My Node class looks like this:
class MyNode {
int value;
MyNode left;
MyNode right;
MyNode(int value)
{
this.value = value;
}
}
Try this, use overloading:
public void pathToSum(int sum) {
pathToSum(root, sum);
}
private boolean pathToSum(Node n, int sum) {
if (null != n) {
sum -= n.data;
boolean found = pathToSum(n.left, sum);
if (!found) {
found = pathtoSum(n.right, sum);
}
if (found) {
println(n.data);
return found;
}
}
return 0 == sum ? true : false;
}
This code is tested with the following classes:
import java.util.LinkedList;
import java.util.Queue;
public class BST {
Node root;
public BST(){
root = null;
}
public void insert(int el){
Node tmp = root, p=null;
while(null!=tmp && el != tmp.data){
p=tmp;
if(el<tmp.data)
tmp=tmp.left;
else
tmp=tmp.right;
}
if(tmp == null){
if(null == p)
root = new Node(el);
else if(el <p.data)
p.left= new Node(el);
else
p.right=new Node(el);
}
}//
public void pathToSum(int sum) {
pathToSum(root, sum);
}//
private boolean pathToSum(Node n, int sum) {
if (null != n) {
sum -= n.data;
boolean found = pathToSum(n.left, sum);
if (!found) {
found = pathToSum(n.right, sum);
}
if (found) {
System.out.println(n.data);
return found;
}
}
return 0 == sum ? true : false;
}
public static void main(String[] args){
int[] input={50,25,75,10,35,60,100,5,20,30,45,55,70,90,102};
BST bst = new BST();
for(int i:input)
bst.insert(i);
bst.pathToSum(155);
}
}
class Node{
public int data;
public Node left;
public Node right;
public Node(int el){
data = el;
}
}
Result:
45
35
25
50
I suggest to alter your MyNode class to include a parent node:
MyNode left;
MyNode right;
MyNode parent;
MyNode(int value, MyNode parent)
{
this.value = value;
this.parent = parent;
}
and then when you hit a node with correct sum, you can pass that node to another function that goes throug the ancestry until it hits node with null parent (the root).
Nice puzzle, I liked it.
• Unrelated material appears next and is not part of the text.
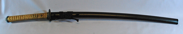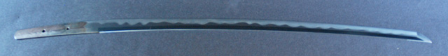 刀長 68.5cm(2尺2寸6分) 反り 1.5cm(5分) 元幅 3.06cm 先幅 2.31cm 元重 7.2mm 先重 5.2mm  刀身重量 裸身 750g  鞘を払って 1,030g  摺上   目釘穴 2  刃文 大乱刃 価格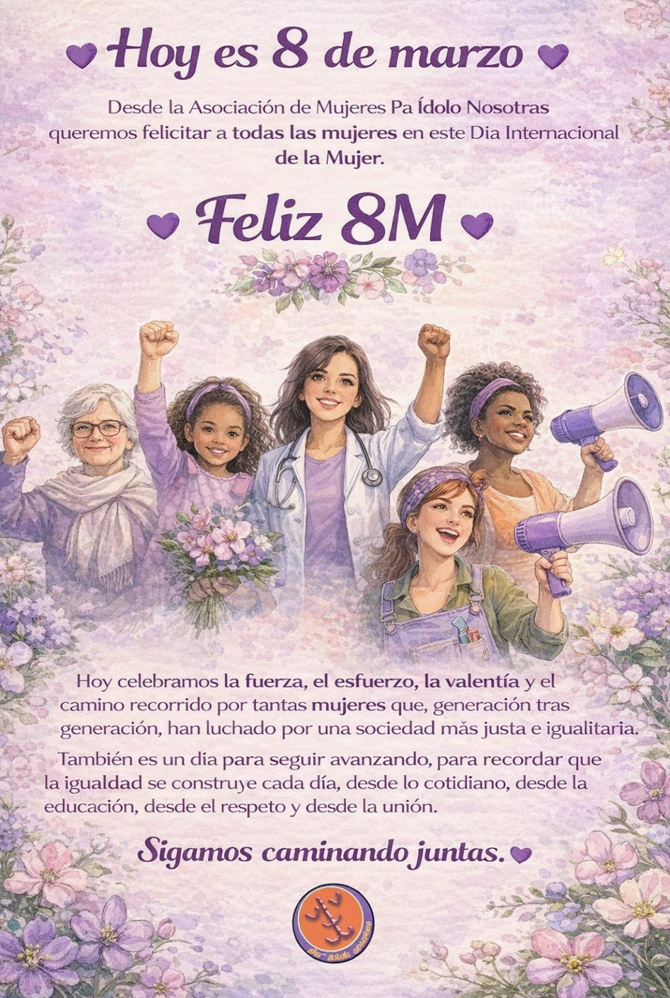 La Asociación de Mujeres “Pa Ídolo Nosotras”, ha organizado a lo largo de esta semana un buen número de actos con motivo de celebrarse, este domingo, 8 de marzo, el Día Internacional de la Mujer. Actos que comenzaron el pasado martes con un taller intergeneracional y concursos de cartas, lecturas violetas el jueves, taller de floristería, tertulia y labores el viernes, bailar la vida sin olvidar el aperitivo y, para hoy, día 8, hacer realidad el slogan, “Colgamos los Mandiles”, con la lectura de este manifiesto que ha corrido a cargo de María Victoria Gómez Muriel: hoy hemos puesto el broche final a la programación organizada por la Asociación de Mujeres Pa Ídolo Nosotras con motivo del Día Internacional de la Mujer.

You almost had it, just some confusion over int vs boolean, and not checking end condition of sum being zero.
public class NodeSums {
static boolean pathSum(MyNode root, int sum) {
boolean ret;
if (root == null) {
ret = sum == 0;
} else {
int remain = sum - root.value;
ret = pathSum(root.left,remain) || pathSum(root.right, remain);
}
return ret;
}
static class MyNode {
int value;
MyNode left;
MyNode right;
MyNode(int value) {
this.value = value;
}
}
public static void main(String[] args) {
/**
* Valid sums will be 3, 8, and 9
*
* 1 -- 2
* --
* -- 3 -- 4
* --
* -- 5
*/
MyNode root = new MyNode(1);
root.left = new MyNode(2);
root.right = new MyNode(3);
root.right.left = new MyNode(4);
root.right.right = new MyNode(5);
for (int i = 1; i < 10; i++) {
System.out.println("Path sum " + i + " " + pathSum(root, i));
}
}
}
Output
Path sum 1 false
Path sum 2 false
Path sum 3 true
Path sum 4 false
Path sum 5 false
Path sum 6 false
Path sum 7 false
Path sum 8 true
Path sum 9 true
If you store the parent of each node in MyNode, you can find the (reversed) path from the root to any node by getting the parent in a loop until it is null.
Also, your code for pathSum seems to be mixing booleans and ints, and you never check the value of sum.